Малыши завопили так, что я испугалась, как бы не рухнул потолок. Следовало действовать быстро, несчастные детки ужас как проголодались.
Я открыла банку. А где мерная ложечка? Ее тут нет! Боже, сколько трудностей подстерегает женщину, решившую накормить ребенка… Неудивительно, что демографическая ситуация в России отнюдь не радужная. Но я уже набралась опыта. Ну-ка, глянем в руководство от няни: «Танечка, если вы потеряли мерку, то воспользуйтесь десертной ложкой, она точь-в-точь соответствует ее объему».
Заглянув в ящик, где хранятся столовые приборы, я впала в ступор. Десертная ложка – это то, при помощи чего едят десерт. Значит, не чайная и не столовая. А какая? Лично я лопаю торт или желе тем, что подвернется под руку, а в кафе вам чаще всего дают небольшую вилочку, которой, кстати, очень неудобно орудовать. Так как выглядит десертная ложка? Вот уж глупый вопрос – у меня в доме отсутствуют пресловутые ложки для сладкого!
В полном отчаянии я потрясла банку. Кремовый порошок съехал в сторону, показался кусок пластмассы. Я чуть не заорала от радости. Мерная ложечка! Она не пропала, просто провалилась в сыпучее содержимое. Трясущимися от счастья пальцами я выудила крохотный ковшик и замерла. Вода! Я забыла достать ее из холодильника!
Умненький и Веселенький плакали навзрыд. У меня опустились руки, потом неожиданно пришла злость. Сергеева, неужели ты не способна дать крошкам обед? Я встрепенулась, достала с полки холодильника пластиковую емкость, отлила из нее немного жидкости в ковшик, водрузила его на плиту – и поняла, что передо мной возникла новая проблема. Комнатная температура – это температура в комнате. А какова она? Никогда ранее я не озадачивалась на сию тему. Тридцать шесть и шесть? Конечно, нет. Но сколько? Эмма Гавриловна строго предупредила о необходимости соблюдать точность.
Из моей груди вырвался всхлип, и одновременно с ним пришло решение. В квартире тепло? Значит, и вода должна быть просто теплой.

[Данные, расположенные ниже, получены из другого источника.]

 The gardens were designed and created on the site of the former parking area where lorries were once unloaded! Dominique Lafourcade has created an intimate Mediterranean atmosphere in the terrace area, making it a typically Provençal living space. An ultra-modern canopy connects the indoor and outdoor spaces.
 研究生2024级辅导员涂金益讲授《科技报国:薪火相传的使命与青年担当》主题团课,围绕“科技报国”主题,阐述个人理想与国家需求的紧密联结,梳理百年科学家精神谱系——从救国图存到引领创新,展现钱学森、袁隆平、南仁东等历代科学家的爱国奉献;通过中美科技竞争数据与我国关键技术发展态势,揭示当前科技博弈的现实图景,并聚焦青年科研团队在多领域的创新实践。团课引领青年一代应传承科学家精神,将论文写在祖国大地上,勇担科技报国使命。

Дальше дело пошло быстро. Я потрясла бутылочку и живо растворила порошок, поняв в этот момент, какой душевный подъем испытывал Суворов, преодолев Альпы. Затем прилетела в детскую, взяла одного малыша, села в кресло и приблизила к крохотному личику соску.
Несчастный мальчуган вцепился в нее и начал с шумом глотать. Я перевела дух. Слава богу, Рубикон перейден. Жаль только, что у меня не четыре руки, второй брат сильно нервничает. Ну ничего, сейчас и его накормлю до отвала. Я внимательно посмотрела на сосредоточенно поглощающего еду Умненького. Почему я решила, что это именно он? Уж больно серьезный у ребятенка вид.

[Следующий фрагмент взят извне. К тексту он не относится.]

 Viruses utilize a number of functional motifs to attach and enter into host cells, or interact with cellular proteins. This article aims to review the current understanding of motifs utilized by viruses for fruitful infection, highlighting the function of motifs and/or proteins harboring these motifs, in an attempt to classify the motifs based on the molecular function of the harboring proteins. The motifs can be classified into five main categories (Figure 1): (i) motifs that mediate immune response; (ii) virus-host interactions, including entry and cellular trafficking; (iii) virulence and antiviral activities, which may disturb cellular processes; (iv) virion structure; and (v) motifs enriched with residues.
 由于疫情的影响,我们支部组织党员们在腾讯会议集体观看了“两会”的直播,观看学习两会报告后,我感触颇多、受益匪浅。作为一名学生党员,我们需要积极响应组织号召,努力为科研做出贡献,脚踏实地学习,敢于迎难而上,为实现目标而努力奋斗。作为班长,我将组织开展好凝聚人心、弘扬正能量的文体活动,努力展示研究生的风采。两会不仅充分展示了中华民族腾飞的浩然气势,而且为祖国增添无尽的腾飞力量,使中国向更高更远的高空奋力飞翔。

Довольно скоро младенец закрыл глазки, соска выпала у него изо рта. Я положила его к вопящему братцу и, приговаривая: «Ну не злись, сейчас все будет хорошо», – метнулась на кухню.
Сидевшая на стуле Лючия робко затявкала. Собачка, похоже, тоже не прочь подкрепиться. Но я отмахнулась от нее:
– Пардон, дорогая, не до тебя сейчас. Вот близнецы пообедают, тогда и поговорим!
Собачка положила мордочку на стол и вздохнула. Я невольно улыбнулась. Если мне когда-либо взбредет в голову идея обзавестись четвероногим любимцем, это будет кто-то вроде Лючии – милый, ласковый, неконфликтный песик с розовым бантиком на длинной челке.